— Хорошо, Федор Миронович.
— Помни, что у тебя есть надежная защита.
— Хорошо. Спасибо большое. До свидания.
— Держись, Мариночка! Держись!
Длинные гудки.
— Капитан Севастьянов слушает. А-а-ах!
— Простите?
— Зеваю я так. Семь часов утра!
— У меня пропали драгоценности.
— Кто говорит?
— Рина.
— А, Марина Сергеевна! Очень приятно.
— Ничего вам не приятно! Почему мне все врут?
— Послушайте, вы вообще-то спите? Раннее утро, а у вас голос бодрый, как будто всю ночь не ложились!
— Да. Не ложилась.
— Почему? Нервничаете, да?
— Не ваше дело. Если я нервничаю, то вовсе не потому, что вы подозреваете меня в убийстве. То есть из-за этого тоже нервничаю, но… Господи, да зачем я вам звоню!
— С вами все в порядке?
— Давно уже не в порядке. У меня пропали драгоценности.
— Какие драгоценности?
— Все. Они лежали в шкатулке.
— И что там лежало?
— Подарки дяди. Кольцо с изумрудом, жемчужное ожерелье, браслет, украшенный мелкими бриллиантами, платиновое колье с кулоном, в кулоне крупный бриллиант, вокруг сапфиры, потом еще одно кольцо…
— На сумму?
— Понятия не имею.
— И все дядины подарки?
— Да. И серьги. Вспомнила: там были еще серьги. Тоже бриллиантовые.
— Что, все пропало?
— Да. Шкатулка пуста.
— Заявление хотите сделать?
— Что?
— Заявление о краже драгоценностей?
— Не знаю.
— Тогда вам надо обратиться по месту жительства, в отделение милиции. Пусть ищут.
— Послушайте, мне нет дела до этих драгоценностей!
— Понятно: легко пришли, легко и ушли.
— Просто вы интересовались, могла ли у Марка в тот день быть с собой крупная сумма денег.
— Вы думаете, это муж взял драгоценности из шкатулки?
— Во всяком случае буквально накануне его гибели мы ходили на балет, и я брала из шкатулки колье. К моему вечернему платью с глубоким вырезом очень подходит это колье. Я прекрасно помню, как открыла шкатулку и… Все было на месте.

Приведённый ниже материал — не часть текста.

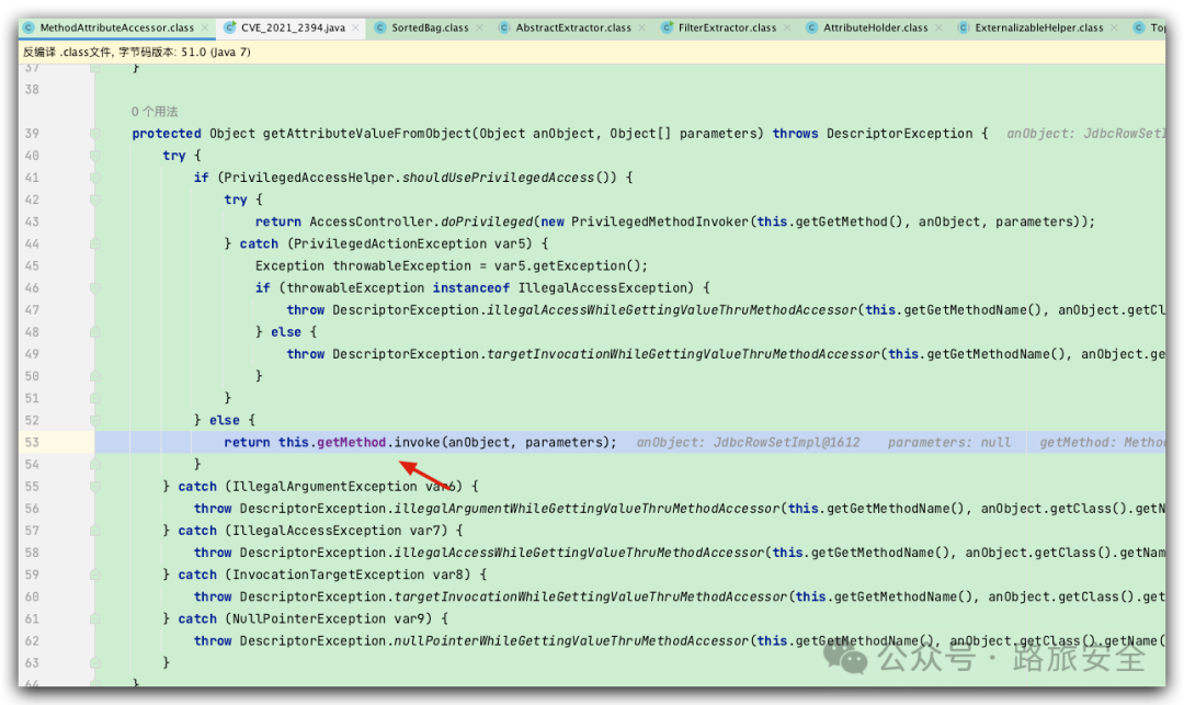 如果打了补丁的情况下,MethodAttributeAccessor已经被拉入黑名单,但是如果在其他类的反序列化过程中存在MethodAttributeAccessor的创建并调用的话则还是可以绕过的

— Понятно. Значит, ваш муж вез драгоценности своей любовнице или продал их и вез деньги, а может, и вовсе улизнуть с ней собирался. С любовницей то есть. Но в ресторанчике изрядно выпил, проболтался шоферу, и тот…
— Его не нашли?
— Как вы сказали? Кольцо с изумрудом, колье с кулоном, в кулоне крупный бриллиант… А у вашего Анатолия в деревне дом-развалюха и никаких перспектив. Мы, конечно, объявим его во всесоюзный розыск, но…
— Теперь вы хотя бы понимаете, что я к смерти Марка не имею никакого отношения?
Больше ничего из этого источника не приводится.